**Your assignment:** Copy out the lines of the records below, and only those lines, from the one with "blu 4.7 (10)" through the one with "PROREGAL 10x Eurobehälter", exactly as they appear.
━━━━━ Recorded information ━━━━━
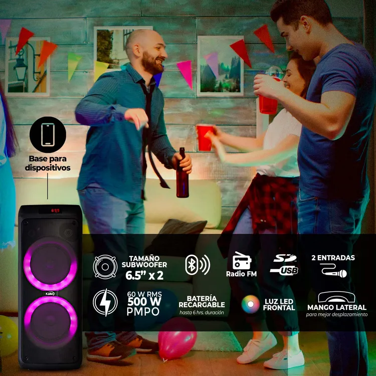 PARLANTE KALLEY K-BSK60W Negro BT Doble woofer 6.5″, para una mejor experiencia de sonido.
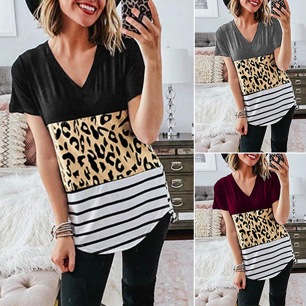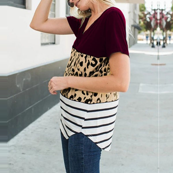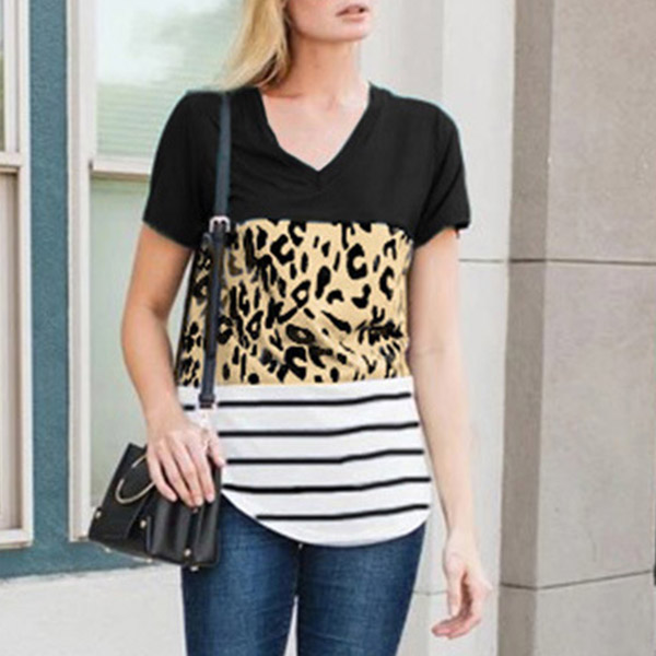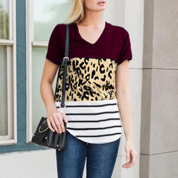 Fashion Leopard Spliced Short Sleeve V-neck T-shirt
━━━━━
━━━━━ Recorded information ━━━━━
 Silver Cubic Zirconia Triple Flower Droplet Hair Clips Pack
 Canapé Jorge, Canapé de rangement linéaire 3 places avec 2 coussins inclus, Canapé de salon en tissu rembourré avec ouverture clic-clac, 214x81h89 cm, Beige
━━━━━
━━━━━ Recorded information ━━━━━
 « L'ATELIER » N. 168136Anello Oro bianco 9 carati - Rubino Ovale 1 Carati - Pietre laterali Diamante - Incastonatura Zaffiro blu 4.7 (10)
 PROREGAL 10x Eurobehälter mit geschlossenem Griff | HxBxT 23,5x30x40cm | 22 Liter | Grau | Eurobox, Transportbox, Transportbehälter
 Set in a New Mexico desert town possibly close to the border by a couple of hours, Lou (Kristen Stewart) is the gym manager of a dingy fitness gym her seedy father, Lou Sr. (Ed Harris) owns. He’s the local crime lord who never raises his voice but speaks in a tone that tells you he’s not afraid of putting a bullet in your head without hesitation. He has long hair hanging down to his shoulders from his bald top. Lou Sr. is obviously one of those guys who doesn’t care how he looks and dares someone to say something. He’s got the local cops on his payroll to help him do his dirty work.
━━━━━
**Reply to the exercise:**
 « L'ATELIER » N. 168136Anello Oro bianco 9 carati - Rubino Ovale 1 Carati - Pietre laterali Diamante - Incastonatura Zaffiro blu 4.7 (10)
 PROREGAL 10x Eurobehälter mit geschlossenem Griff | HxBxT 23,5x30x40cm | 22 Liter | Grau | Eurobox, Transportbox, Transportbehälter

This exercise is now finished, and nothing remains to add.